Epigenetics: The Ultimate Mystery of Inheritance

  • Richard C. Francis
W. W. Norton: 2011. 224 pp. £19.99, $25.95 9780393070057 | ISBN: 978-0-3930-7005-7

As an identical twin, I have always been fascinated by what determines who we are. Nature's clones are never truly identical, so what explains the differences between my brother and myself? How much of our identity is inherited; how much acquired by interacting with the environment? The field of epigenetics, standing at the interface between our environment and our genes, is beginning to offer answers.

Epigenetics explores how genetically identical entities, whether cells or whole organisms, display different characteristics, and how these are inherited. The past century witnessed amazing advances in our understanding of genetics, but secrets remain hidden within the genome. Epigenetics research is now blossoming, offering a potential panacea for these post-genome blues.

Inherited and environmental factors can switch genes on and off to give each of us, including monozygotic twins, a unique identity. Credit: PHOTOLIBRARY

Two timely books open up this emergent field: Epigenetics by Richard Francis and The Epigenetics Revolution by Nessa Carey offer very different takes. Francis's thoughtful and succinct book focuses on the narrative and the excitement of discovery, rather than on the nitty-gritty details at the molecular level. His personal tour includes anecdotes from his travels around the world and allusions to popular culture.
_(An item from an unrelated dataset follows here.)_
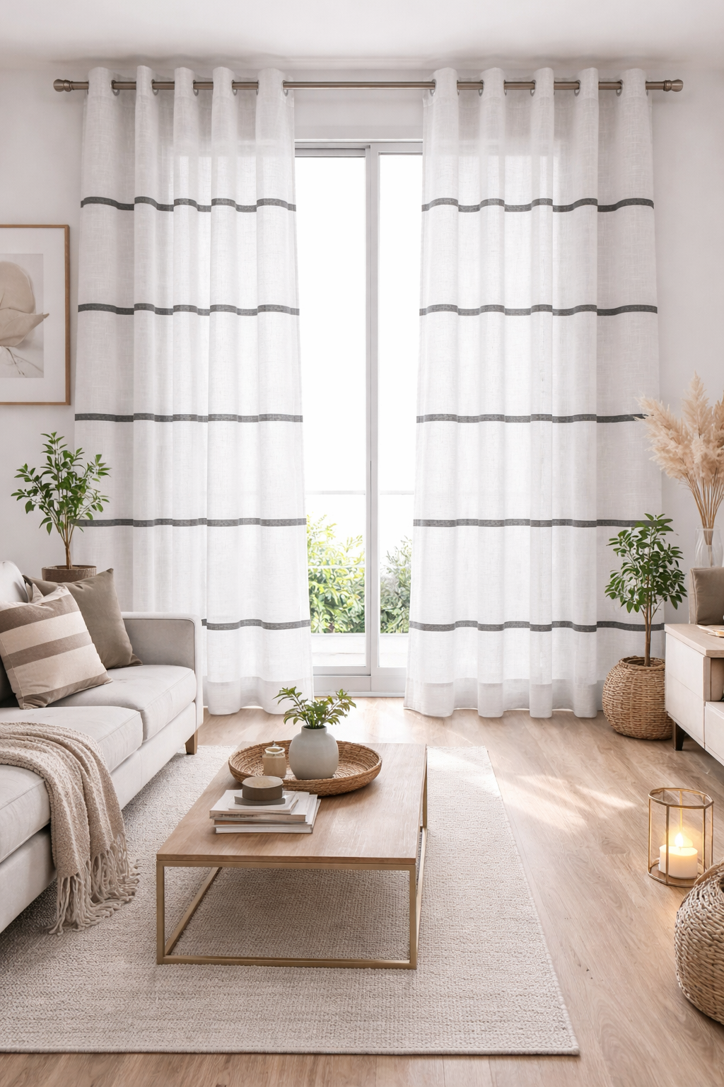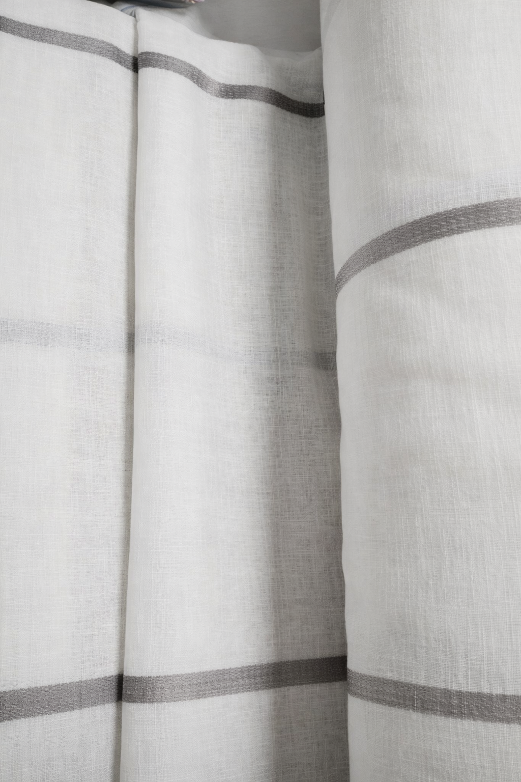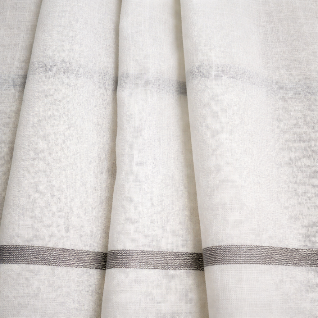 Tela de visillo a metros modelo Hamburgo clásico con un estampado con cenefa en tonos grises, posición separada de las cenefas a 40 cm. Tela de poliéster con una caída y un tacto exquisito con una altura de 300 cm. Es una tela de visillo translúcida con buena caída para confección de cortinas. No encoje y puedes lavarla a máquina a 30º con un centrifugado suave. La tela ya viene acabada en uno de los orillos del ancho con un cordón de plomo, que sirve de peso, listo para utilizar como final del bajo de tus visillos, para decoraciones de hogar.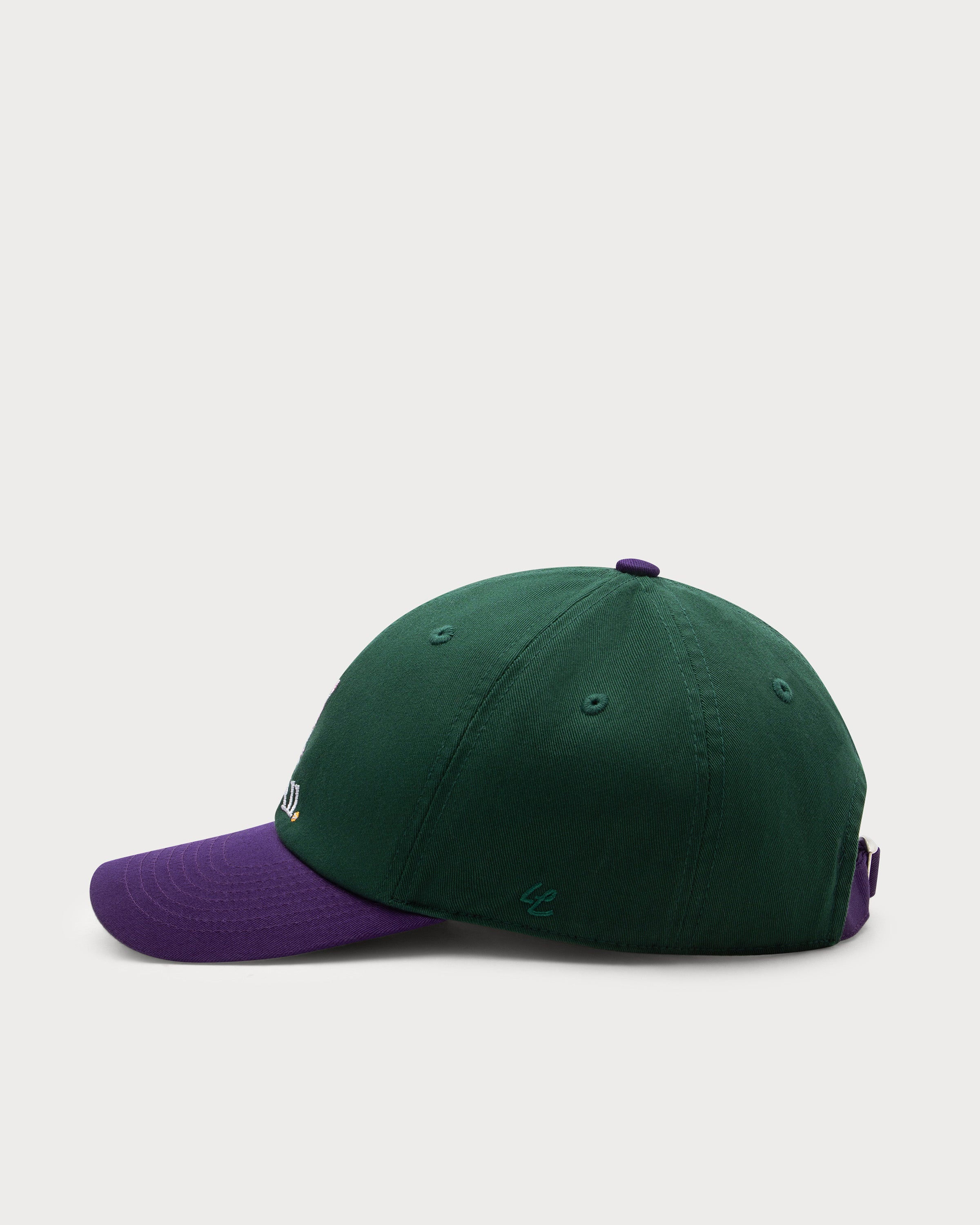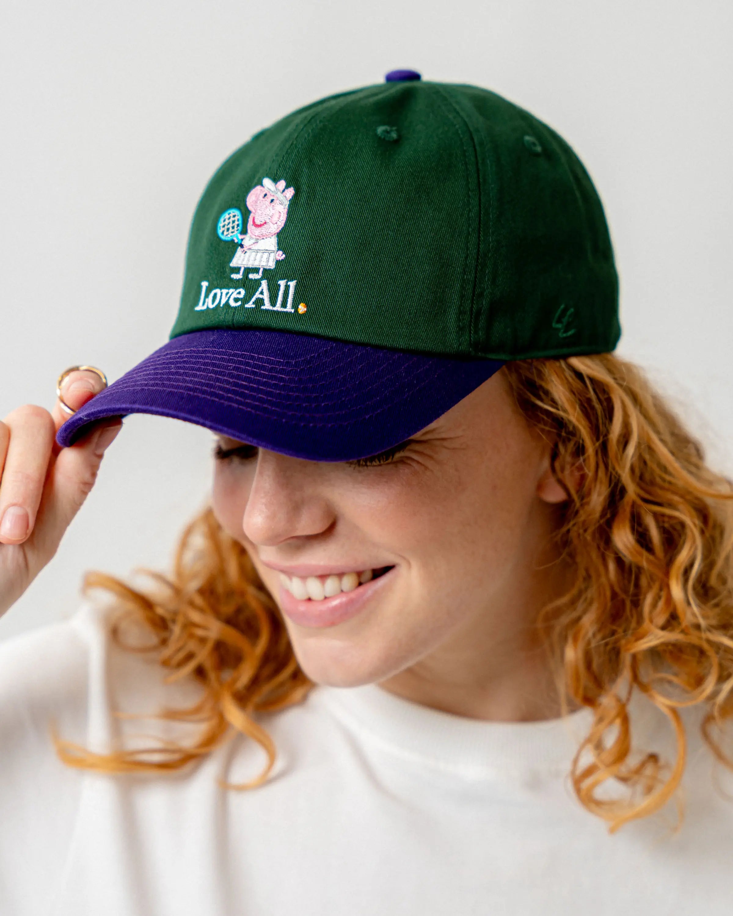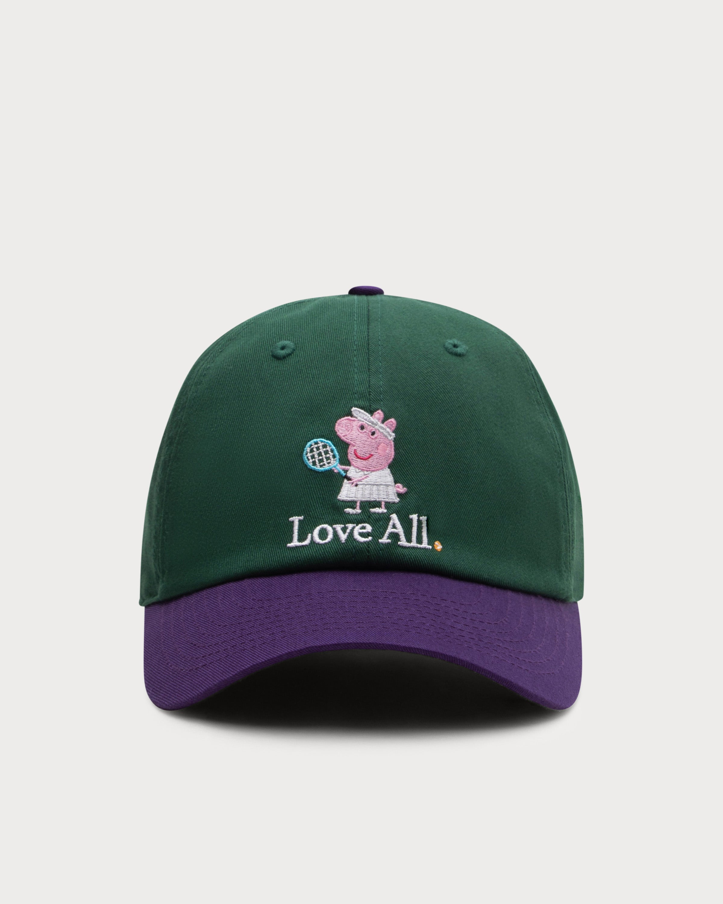 Peppa Pig in a tennis outfit adorns the front of this two-tone tennis cap as a delicate embroidery. The minimalist "Love All." lettering emphasizes the timeless look, while the harmonious color combination of dark green and dark purple perfectly rounds off the characteristic retro look.

The Epigenetics Revolution: How Modern Biology is Rewriting Our Understanding of Genetics, Disease and Inheritance

  • Nessa Carey
Icon Books: 2011. 320 pp. £17.99 9781848312920 | ISBN: 978-1-8483-1292-0

Carey's book is more DNA-centric, focusing on epigenetic mechanisms and the chemistry of chromatin, which defines how DNA is packaged around proteins in the nucleus. Her book combines an easy style with a textbook's thoroughness.
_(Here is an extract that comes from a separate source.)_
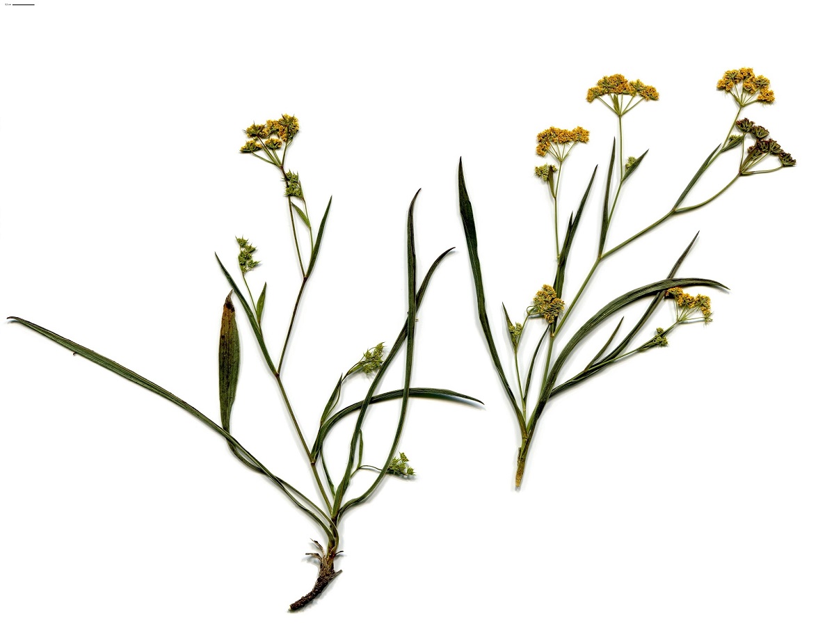 Hc – 2-4 dm – Feuilles linéaires-falciformes, les > atténuées à la base – Ombelles à 5-7 rayons, fleurs ≃ les bractéoles étroites lancéolées, jaunes – Fruit de L ≃ 3 mm ovoïde côtelé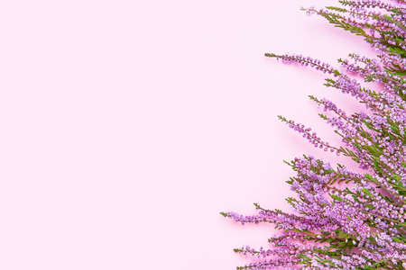 Pink Common Heather flowers border on a pink background. Copy space, top view. Flat lay, selective focus

Conveying epigenetics to a broad readership presents challenges. The field is in flux and the concepts are abstract and technically demanding. Researchers struggle to come up with a unanimously accepted definition of the term epigenetics. And there is confusion in the literature between epigenetic phenomena and epigenetic mechanisms. The first describes the transmission of heritable characteristics, thereby resembling genetics; the second focuses on how genes are regulated, and is more aligned with molecular biology. Francis is interested in the modes of inheritance and how these are affected by environmental events. Carey refers more to the mechanistic events that change how genes are switched on and off without altering the genes themselves.

What makes the field so exciting is that we have new tools to address old questions.
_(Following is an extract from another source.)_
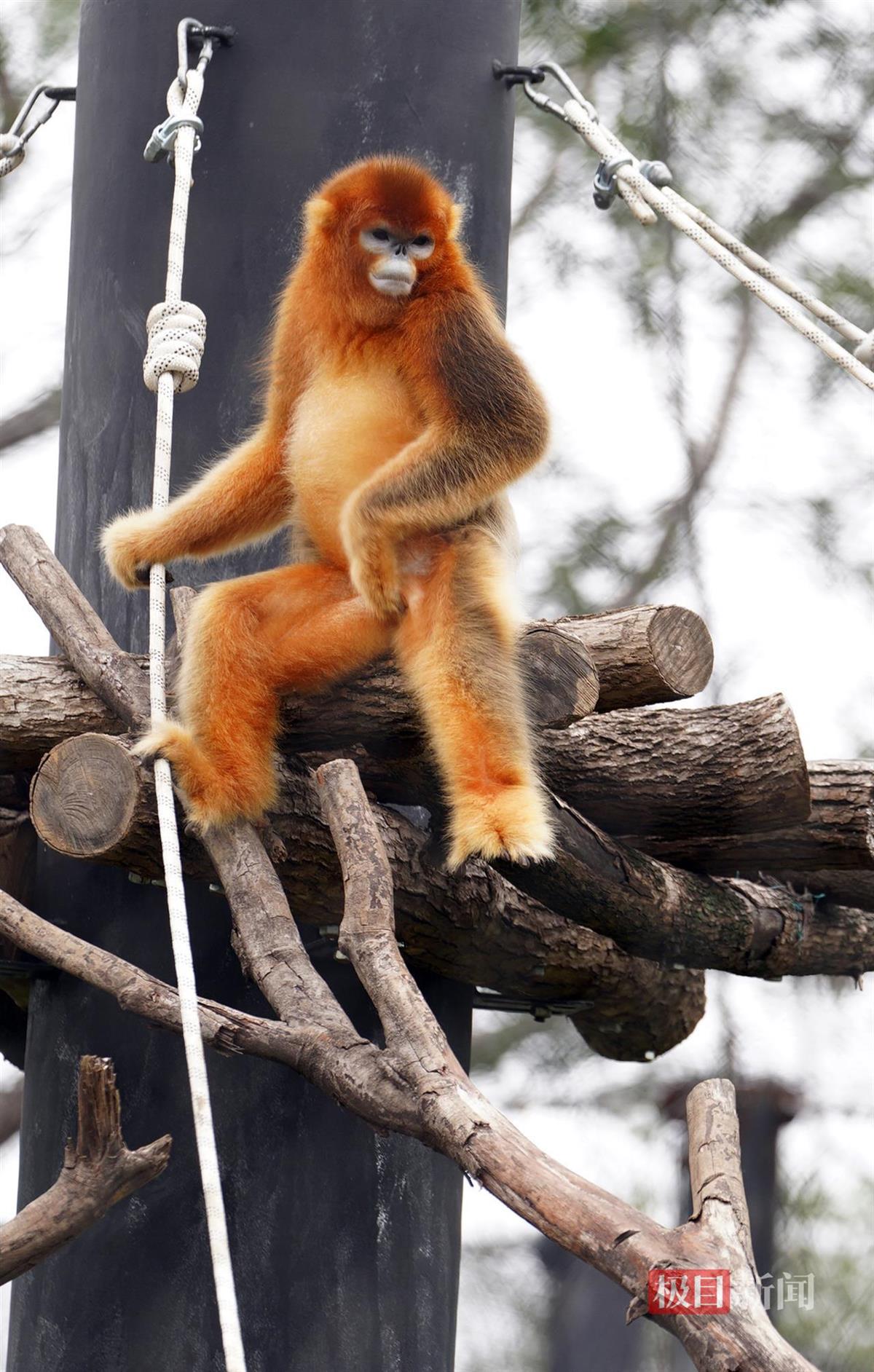 川金丝猴外场馆,川金丝猴小宝一身金色毛发,特别漂亮,引发围观。“川金丝猴刚出生时毛发是灰黑色的,慢慢变成金色。”科普讲解员现场给游客们讲解它的变化。

Epigenetics, for Francis, is a form of cellular control over gene activity. He presents the cell as a theatrical production, noting that the standard view — with genes as directors, proteins as actors and other biochemicals as stagehands — needs to be reassessed. As an alternative to the 'executive gene' idea, in which the genome is in control, he urges readers to think about the 'executive cell'. Francis relegates genes to members of the cast, and insists that they are regulated by, not regulators of, cellular states.

A seasoned science writer, Francis is at his best when describing abstract concepts in a historical context. A chapter on developmental biology reminds us that the idea that form emerges gradually during development (known as epigenesis) arose in response to an earlier concept, which held that form is predetermined from the beginning (preformationism). Francis cautions us not to fall into the trap of using the 'genetic blueprint' or 'genetic program' metaphors, which he sees as contemporary preformationism or genomic determinism. He ends with an interesting concept — the 'Janus gene' — which has both the outward causal aspect of gene function and an inward aspect that is responsive to external cues.

Carey's book is full of illustrations and entertaining metaphors. She describes the nucleosome as DNA wrapped around “eight ping-pong balls ... like a long liquorice whip around marshmallows”, and sees DNA as a film script, with plenty of room for interpretation and retakes. Carey's experience of the biotechnology industry shows in her concluding remarks on the pros and cons of our growing understanding of epigenetics for drug discovery, and on understanding the impact of diet and environment on disease.

These two bold attempts to bring epigenetics to a wide audience are at the vanguard: more books will follow as the field matures. But future authors should avoid using the words 'mystery' and 'revolution' in their titles. What makes the field so exciting is that we have new tools to address old questions. Unravelling life's mysteries? That's not revolution, it is why we become scientists in the first place. My twin brother and I are both professors studying genetics — I still wonder whether that choice was determined by genetics or the environment.